In 1981, after proposing the idea to the museum’s director, he built the world’s largest analemmic sundial, which covered one-third of an acre in the parking lot.
This type of sundial uses thin, slightly asymmetrical figure-eight loops, instead of straight lines, for hour marks, to correct for differences between sun time and clock time. “The dial had a figure-eight analemma painted on the pavement for each hour of the day, and the shadow of the brass ball atop a 25-foot flagpole fell onto the diagram and told the clock time accurately – to within 30 seconds, and in early morning and late afternoon to within five seconds – which most sundials are not equipped to do,” he said.
“It was paved over in the 1990s after four million people had walked over it.”
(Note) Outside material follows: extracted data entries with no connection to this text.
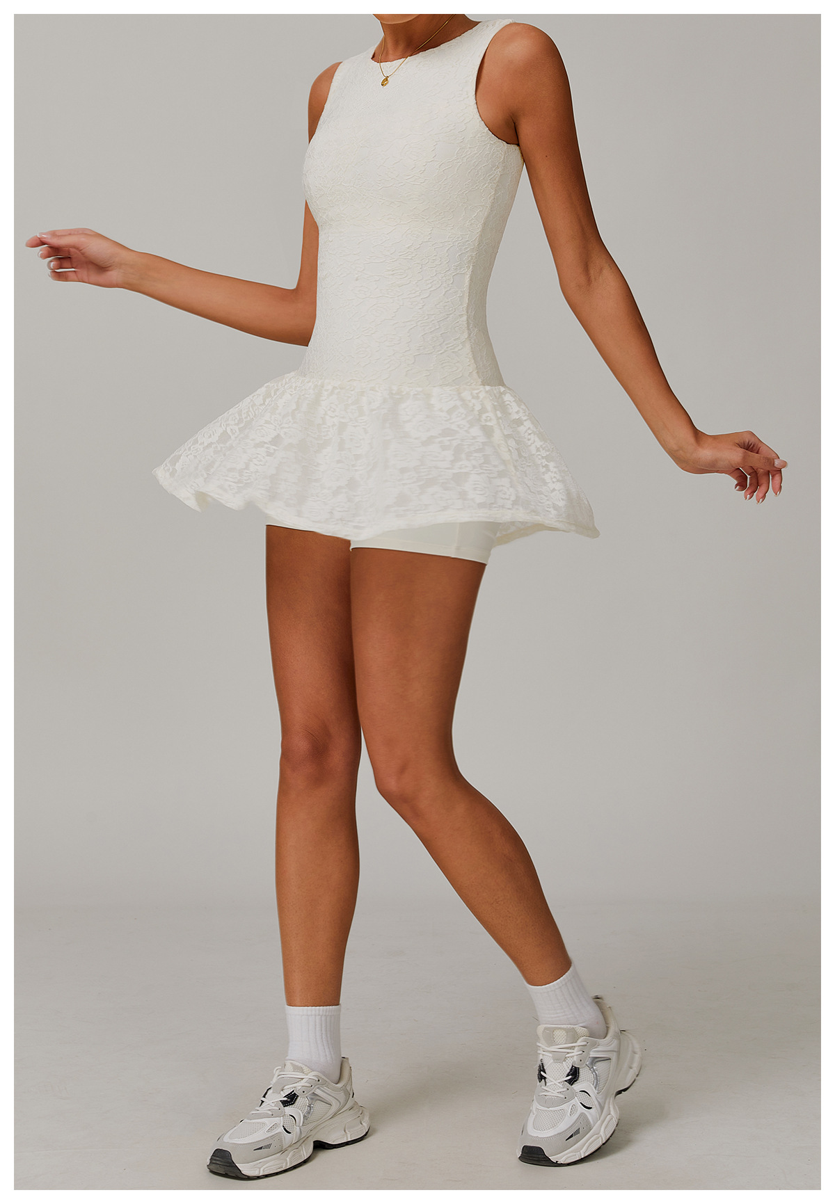 04/2025 Lace nude dress with mesh fabric, breathable zipper, sports, running and anti-exposure dress 9187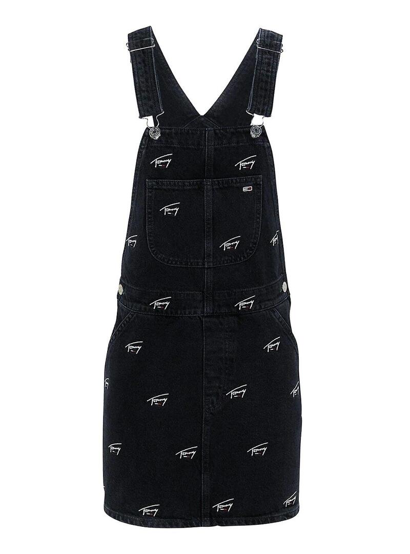 Vestido Tommy Jeans Dungaree Preto para Mulher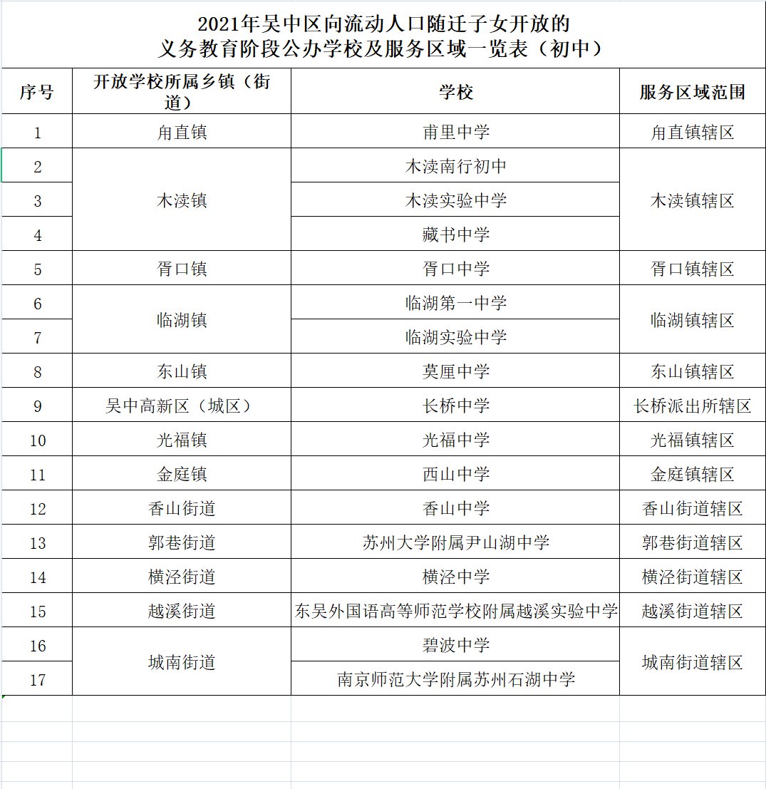 【2021吴中积分入学开放公办学校和服务区域名单】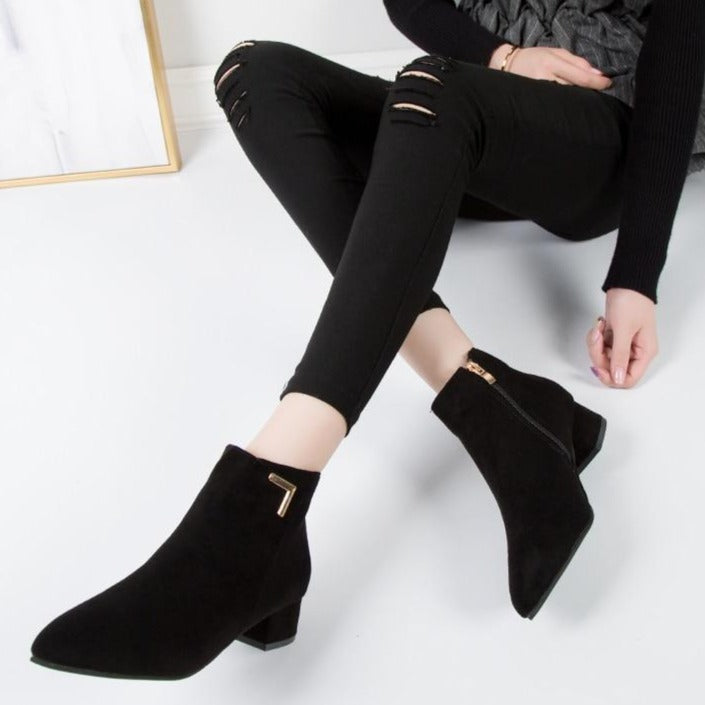 - Verziert mit einem Stück goldfarbenem Metall: betont den Schuh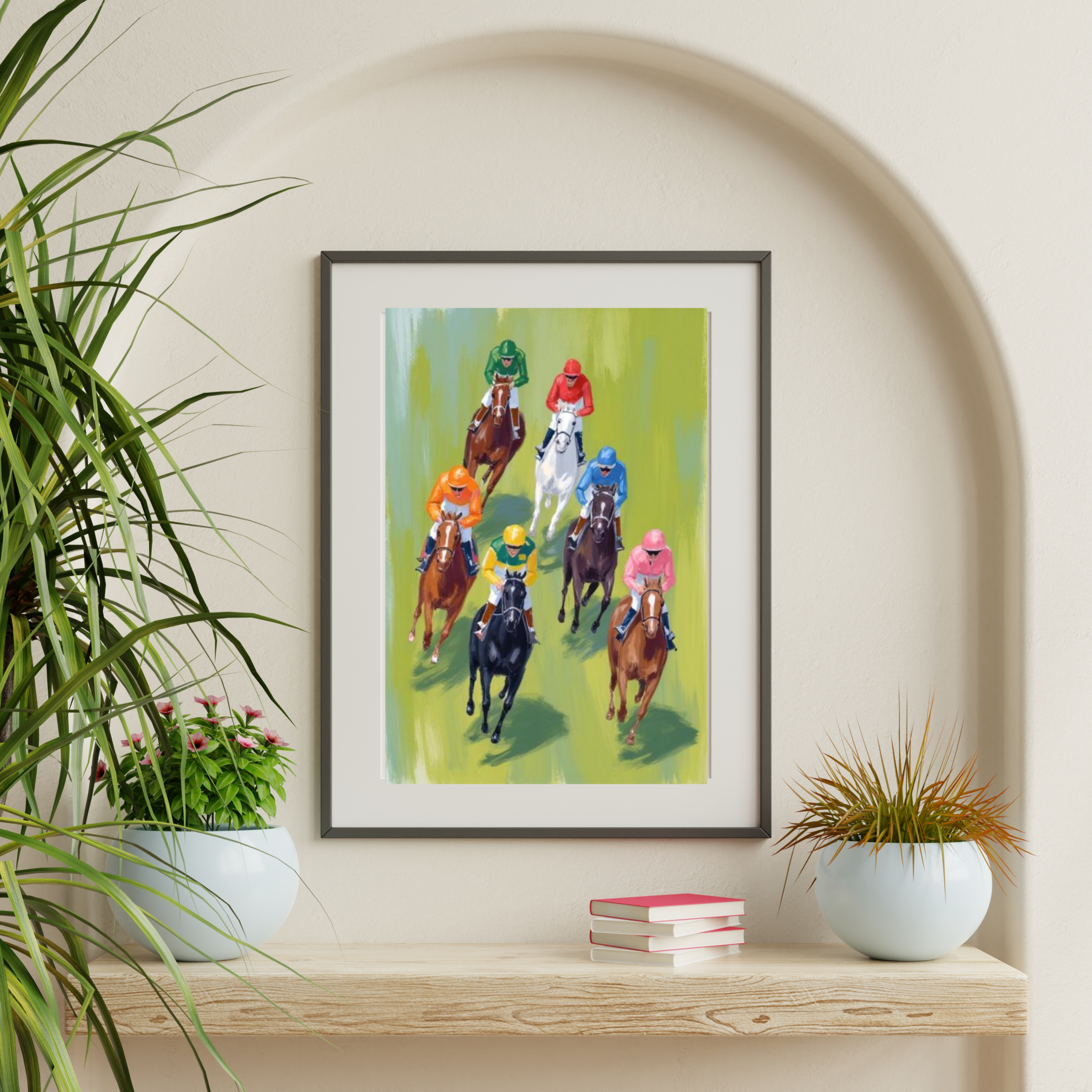 Bring the thrill, energy, and elegance of horse racing into your space with this stunning Vibrant Horse Racing Wall Art Print. This artwork captures the dynamic motion of galloping horses and their riders in a beautifully modern and expressive style. Each brushstroke radiates movement, color, and excitement, making it a true centerpiece for any wall.

From 1970-84 he was president and CEO of The Computer Company, which grew to $32 million in annual sales and 1,200 employees. The Richmond-based company, which he co-founded in 1969, provided Medicaid-related services to more than a dozen states, as well as international network services before the creation of the Internet. As part of that business, he opened Richmond’s first retail personal computer store. The business was sold to Blue Cross-Blue Shield of Virginia in 1983.
Dr. Witschey has been a consultant to federal and state agencies, businesses, and not-for-profits for management, computer systems design and management, computer networks, and client management systems. He is the author of published articles in fields as diverse as computer mapping of Colonial Virginia, land patents, and linguistic analysis of Spanish Colonial documents in Mexico.
A Charleston, W.Va., native who has lived primarily in Richmond since 1965, he has a B.A. in physics from Princeton University, an M.B.A. in operations research from the University of Virginia, and an M.A. and a Ph.D., both in anthropology, from Tulane. He and his wife, Joan, a Danville native, have five children and 10 grandchildren.